Poor data quality is frequently identified as one of the obstacles to the successful exploitation of data mining techniques (e.g., exploratory research into data mining), for example, for analyses, monitoring, process management or decision-making support. In 2018 a research project was dedicated to this subject within the Hydroinformatics Platform. The project reported on current practices and opportunities for improvement, and emphasised the importance of bringing together domain and expert knowledge in the field of data validation.
Data-quality improvement needed
Drinking water utilities apply data-based models and techniques, for example, in their analyses, monitoring, process management or to support decision-making. But poor data quality frequently hampers the successful exploitation of these techniques. Improving data quality is therefore an important first step in their application. This project aims to develop a strategy to enable the conduct of data-quality control within an existing data environment.
Pilot in data validation and safeguarding
A pilot will be developed and run at a water utility. Improvement in the validation and safeguarding of a selected data stream should result in a better data management system. Such a system is highly desirable, for instance, for anomaly detection, algorithms for predictive maintenance, and intelligent (early warning) monitoring and/or control systems. With a well-functioning data management system, water utilities will be better placed to use (existing) data to optimise their operational management at the operational, tactical and strategic level.
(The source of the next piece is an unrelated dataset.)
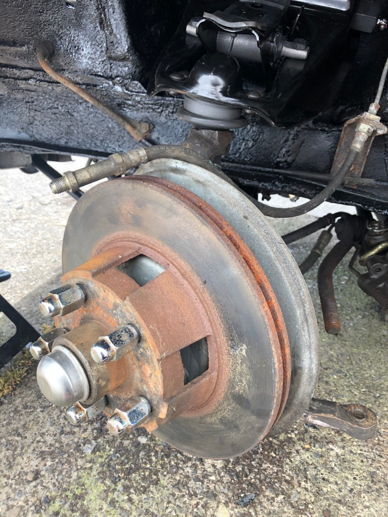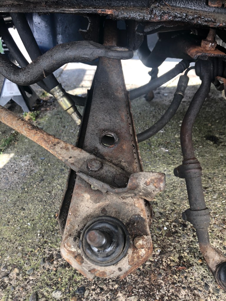 Removing the brake caliper is done by undoing two bolts, connecting it to the wheel spindle. You don’t need to undo the two smaller bolts, which connect each half of the caliper (These are SSBC 09516 – pretty standard for the era). With the brakes off, I moved on to the ball joints.
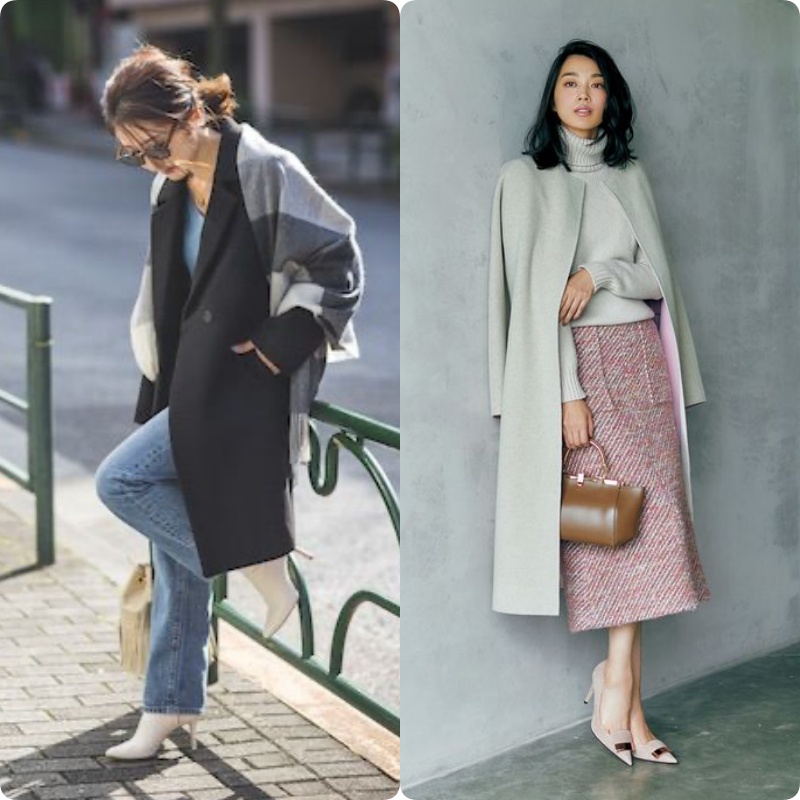 Áo dáng dài còn là những thiết kế áo khoác dạ dài quá đầu gối. Diện mẫu áo này, các quý cô sành điệu thường layer bên trong áo thun trắng, hoặc váy trắng. Cách phối màu sắc này vô cùng hợp lý, đem đến hiệu quả hack tuổi cao nhất, và giúp chị em có được vẻ ngoài tinh tế.

Strategy for data-quality control
A strategy for data-quality control will be realised within the developed pilot by means of:
- a demonstration of the operational application of (more) advanced data validation techniques;
- a representation of the work method developed in a phased plan, which will allow other water utilities to implement the generic framework;
- knowledge transfer through reports, a source code, a publication in a trade journal, and a presentation that can be used by members of the Hydroinformatics Platform.